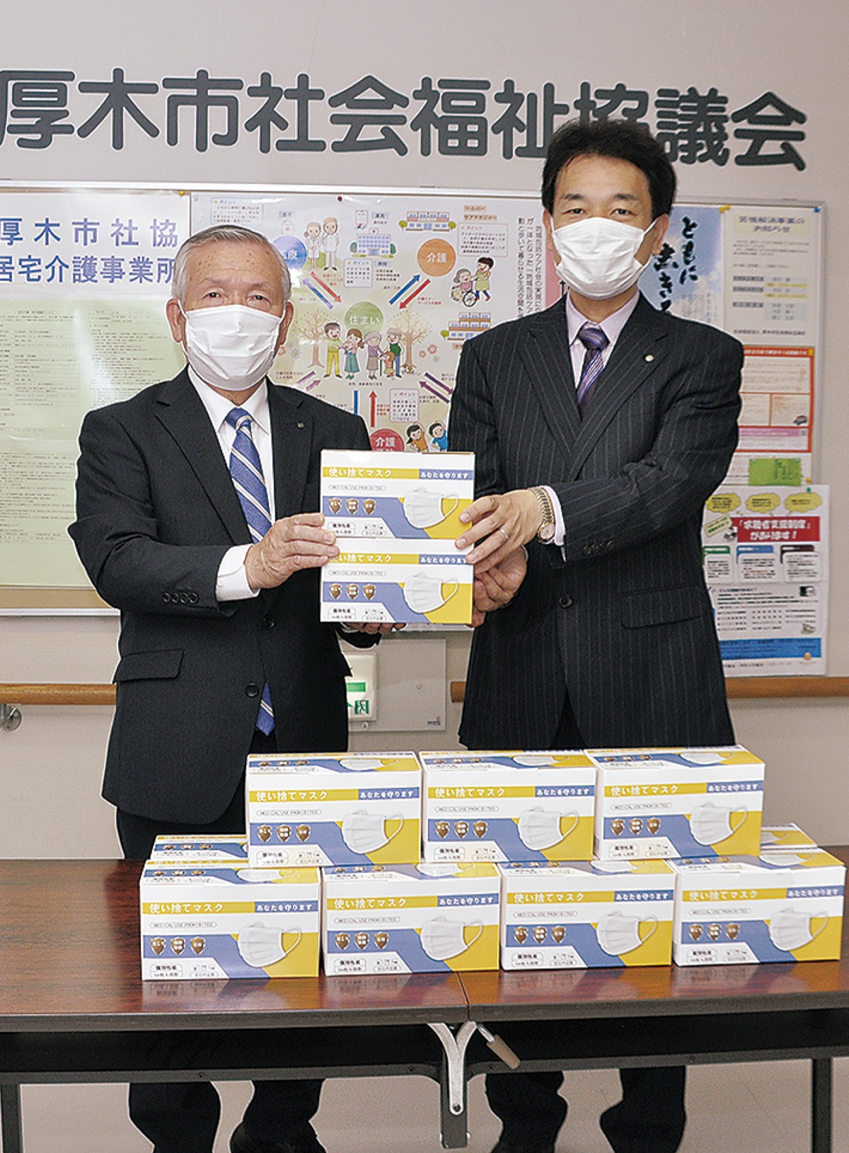 一般社団法人あつぎ相続くらし支援センター(前島憲司代表理事)は6月4日、市社協に、使い捨てマスク3千枚を寄付した。
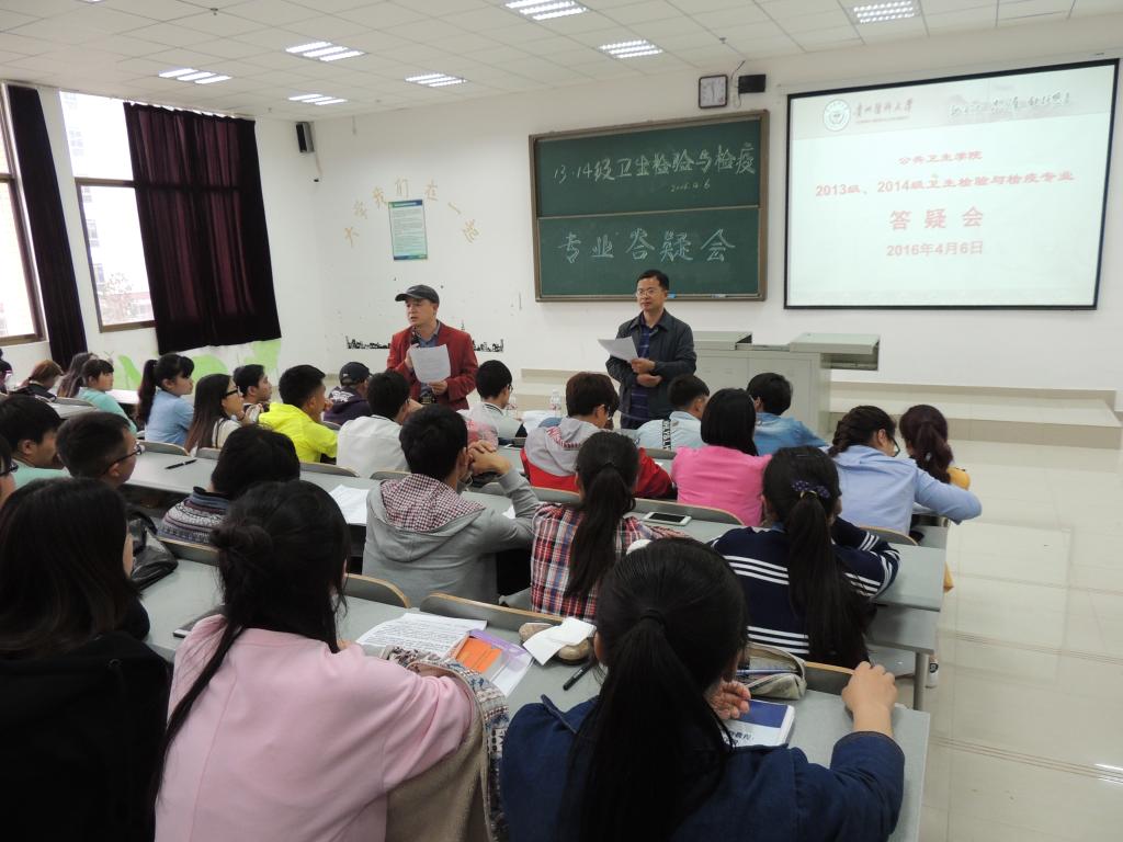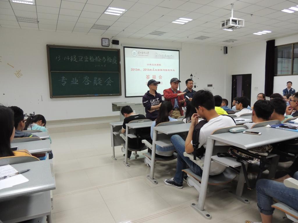 ,太阳成集团tyc122ccvip在花溪校区4404教室召开2013级、2014级卫生检验与检疫专业主题班会。太阳成集团tyc122ccvip常务副经理洪峰、教学科研管理科科长何江、卫生检验与检疫教研室主任胡勇、员工管理科科长刘亮出席班会,为同学们答疑解惑。
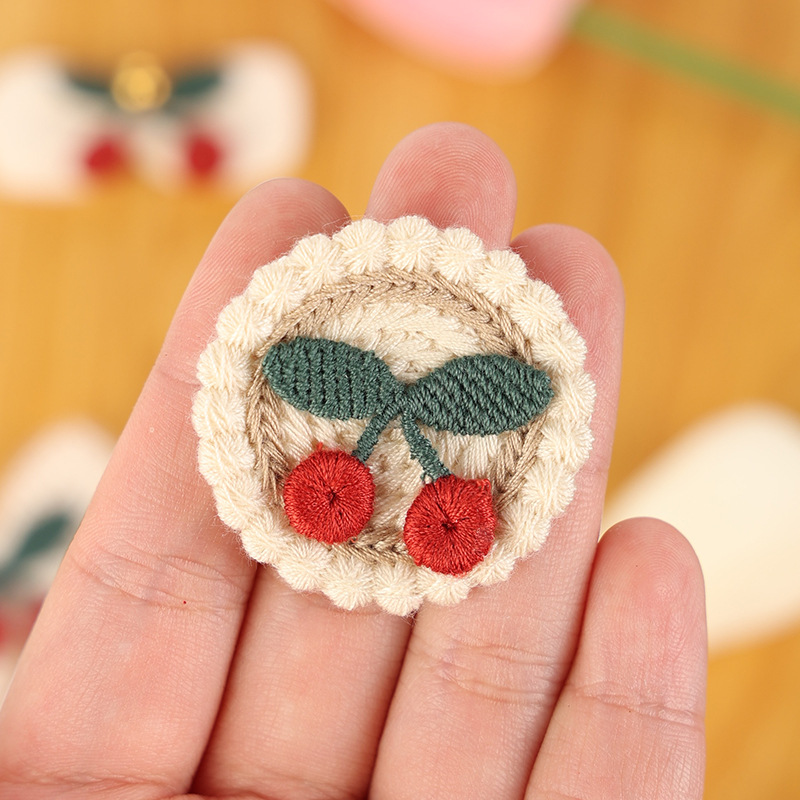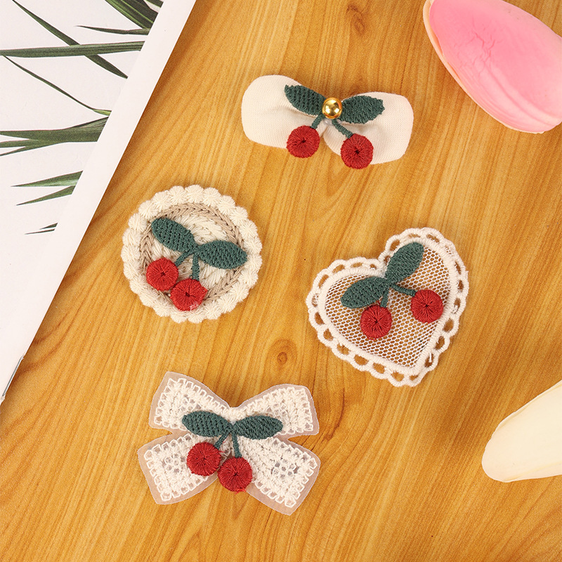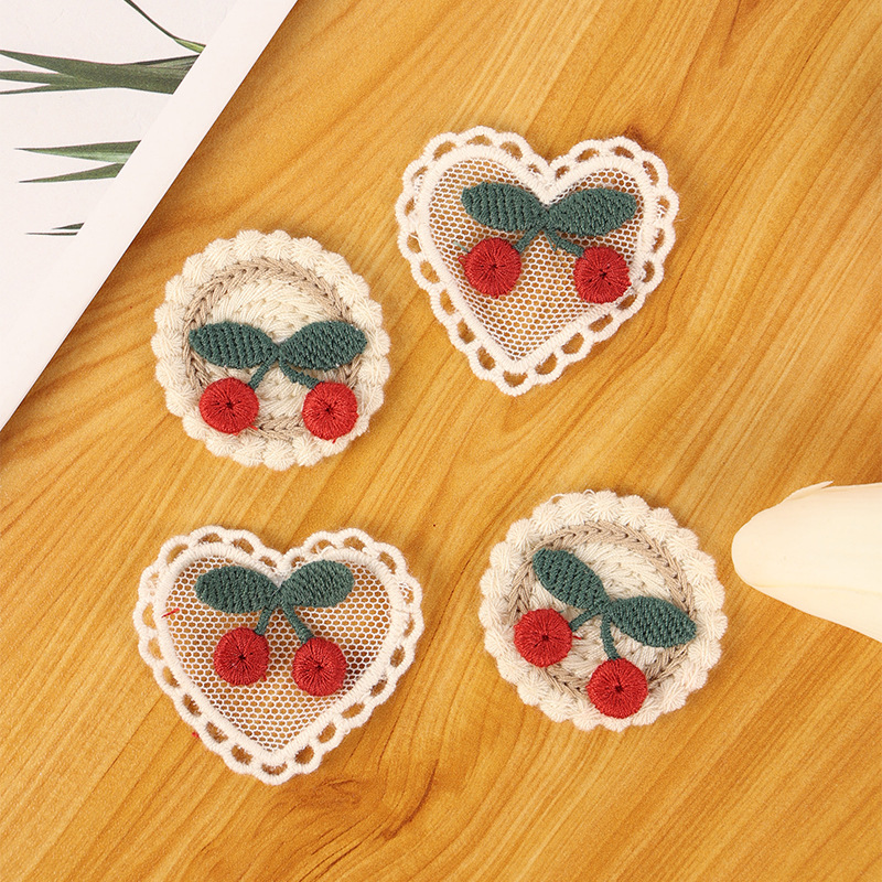 新款现货 韩版复古可爱樱桃爱心形针织饰品 手工DIY服装配件辅料
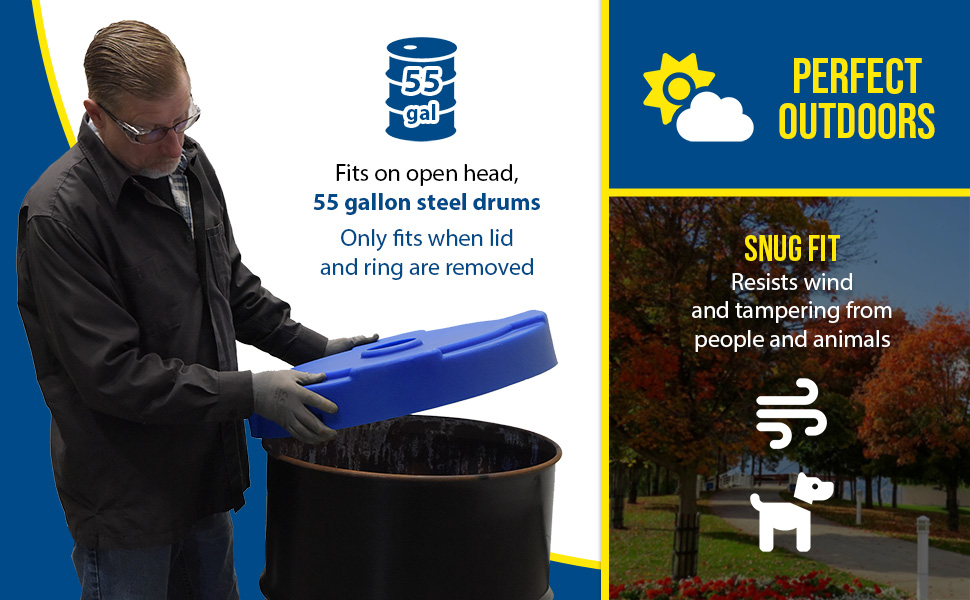 DC-P-55-CANF-BU DC-P-55-CANF-BULow Density Polyethylene Drum Recycling Lid with Flaps Closed 55 Gallon BlueWorks With Steel Drum (gal.): 55

* * *

Brief —
When you copy the listing above, reproduce every line exactly and skip the images.

Solution to this task —
 一般社団法人あつぎ相続くらし支援センター(前島憲司代表理事)は6月4日、市社協に、使い捨てマスク3千枚を寄付した。
 ,太阳成集团tyc122ccvip在花溪校区4404教室召开2013级、2014级卫生检验与检疫专业主题班会。太阳成集团tyc122ccvip常务副经理洪峰、教学科研管理科科长何江、卫生检验与检疫教研室主任胡勇、员工管理科科长刘亮出席班会,为同学们答疑解惑。
 新款现货 韩版复古可爱樱桃爱心形针织饰品 手工DIY服装配件辅料
 DC-P-55-CANF-BU DC-P-55-CANF-BULow Density Polyethylene Drum Recycling Lid with Flaps Closed 55 Gallon BlueWorks With Steel Drum (gal.): 55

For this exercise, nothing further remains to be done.